Each entry below should be restated word for word, without any picture it contains.

→ PROVIDED DATA:
============

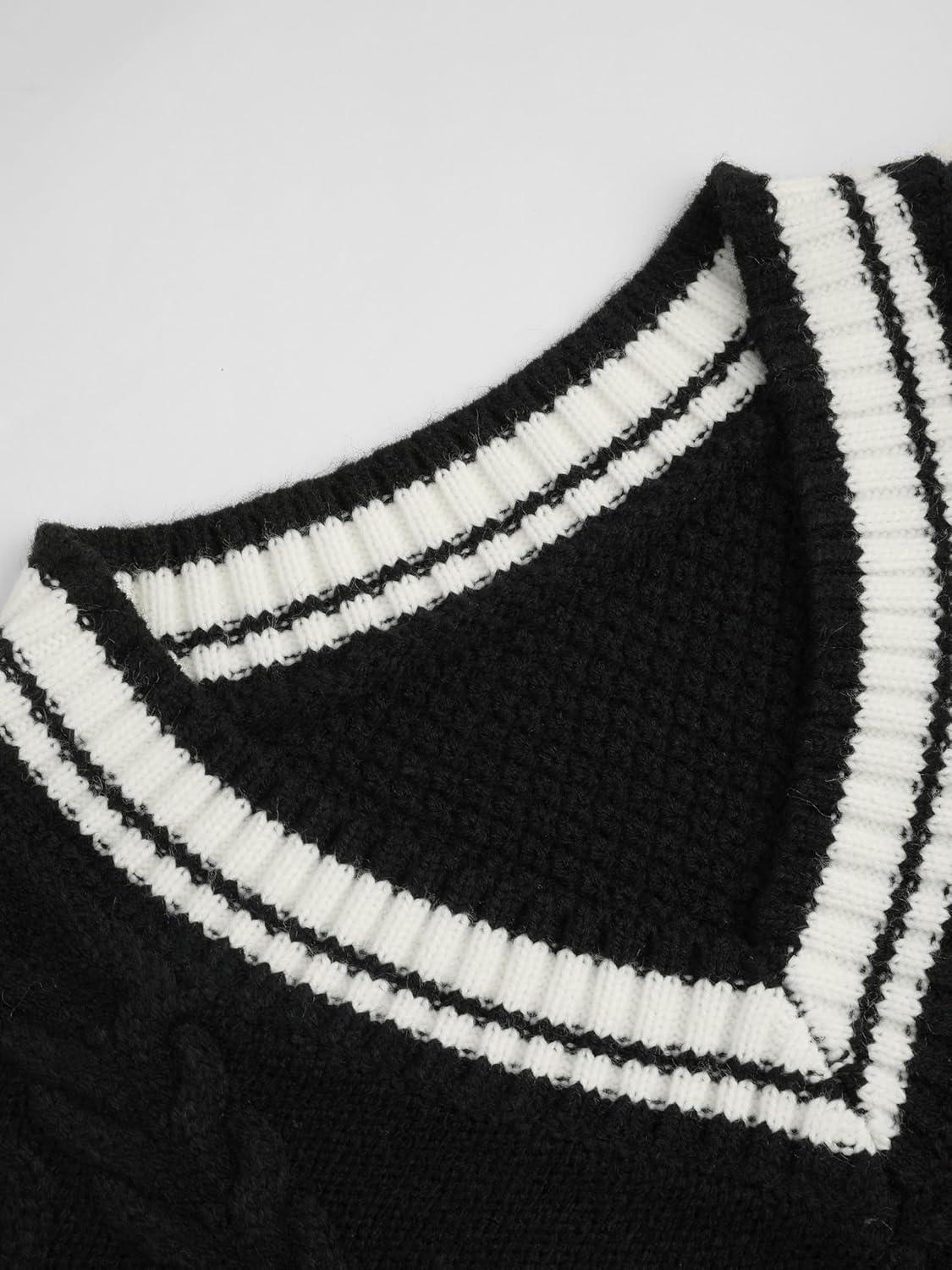 Be the first to review “CIDER V-Neck Contrast Binding Bowknot Knitted Vest Curve & Plus(Black)”
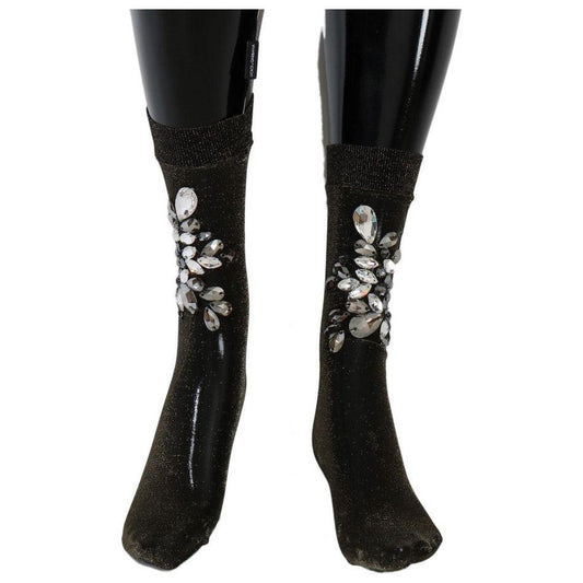 Dolce & Gabbana Black Knit Floral Crystal Embellishment Socks
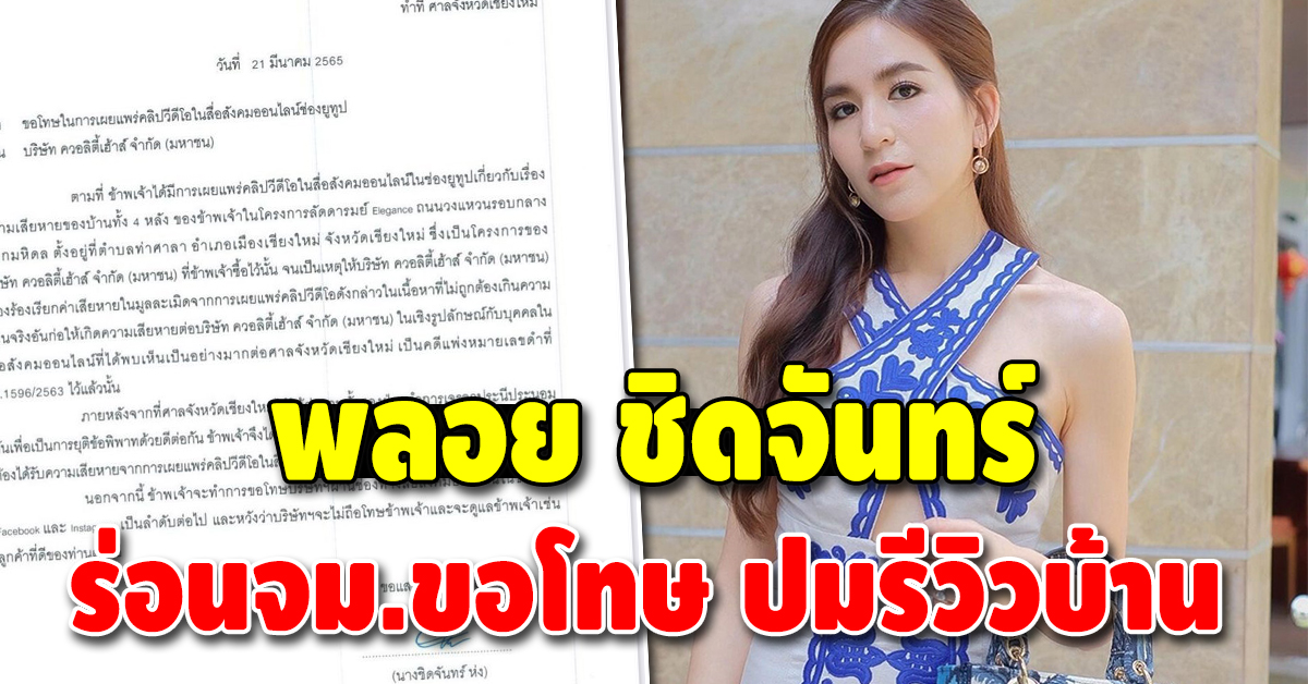 “พลอย ชิดจันทร์” ร่อนจดหมายขอโทษหลังรีวิวบ้านจนถูกฟ้อง นักแสดงสาวสวยที่ตอนนี้เป็นคุณแม่ลูก 4 ไป แล้ว และเมื่อไม่นานมานี้
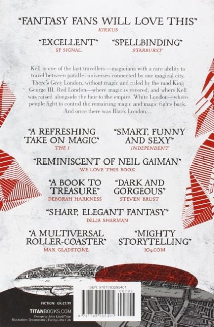 From V.E. Schwab, the critically acclaimed author of Vicious, comes a new universe of daringadventure, thrilling power, and parallel Londons, beginning with A Darker Shade of Magic. Kell is one of the last Travellers -- magicians with a rare, coveted ability to travel between paralleluniverses -- as such, he can choose where he lands. There's Grey London, dirty and boring, withoutany magic, ruled by a mad King George. Then there's Red London, where life and magic arerevered, and the Maresh Dynasty presides over a flourishing empire. White London, ruled bywhoever has murdered their way to the throne -- a place where people fight to control magic, andthe magic fights back, draining the city to its very bones. And once upon a time, there was BlackLondon...but no one speaks of that now. Officially, Kell is the Red Traveller, personal ambassador and adopted Prince of Red London,carrying the monthly correspondences between the royals of each London. Unofficially, Kell is asmuggler, servicing people willing to pay for even the smallest glimpses of a world they'll neversee -- a dangerous hobby, and one that has set him up for accidental treason.
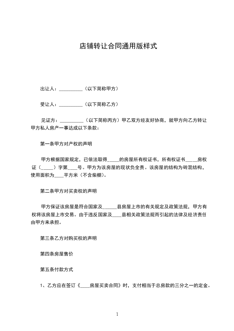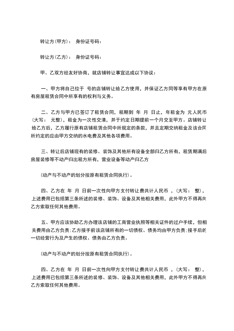 一、甲方将自己位于____________街____号的店铺(原为:________________)转让给乙方使用,并保证乙方同等享有甲方在原有房屋租赁合同中所享有的权利与义务。

============

→ OUTPUT FOR THIS EXERCISE:
 Be the first to review “CIDER V-Neck Contrast Binding Bowknot Knitted Vest Curve & Plus(Black)”
 Dolce & Gabbana Black Knit Floral Crystal Embellishment Socks
 “พลอย ชิดจันทร์” ร่อนจดหมายขอโทษหลังรีวิวบ้านจนถูกฟ้อง นักแสดงสาวสวยที่ตอนนี้เป็นคุณแม่ลูก 4 ไป แล้ว และเมื่อไม่นานมานี้
 From V.E. Schwab, the critically acclaimed author of Vicious, comes a new universe of daringadventure, thrilling power, and parallel Londons, beginning with A Darker Shade of Magic. Kell is one of the last Travellers -- magicians with a rare, coveted ability to travel between paralleluniverses -- as such, he can choose where he lands. There's Grey London, dirty and boring, withoutany magic, ruled by a mad King George. Then there's Red London, where life and magic arerevered, and the Maresh Dynasty presides over a flourishing empire. White London, ruled bywhoever has murdered their way to the throne -- a place where people fight to control magic, andthe magic fights back, draining the city to its very bones. And once upon a time, there was BlackLondon...but no one speaks of that now. Officially, Kell is the Red Traveller, personal ambassador and adopted Prince of Red London,carrying the monthly correspondences between the royals of each London. Unofficially, Kell is asmuggler, servicing people willing to pay for even the smallest glimpses of a world they'll neversee -- a dangerous hobby, and one that has set him up for accidental treason.
 一、甲方将自己位于____________街____号的店铺(原为:________________)转让给乙方使用,并保证乙方同等享有甲方在原有房屋租赁合同中所享有的权利与义务。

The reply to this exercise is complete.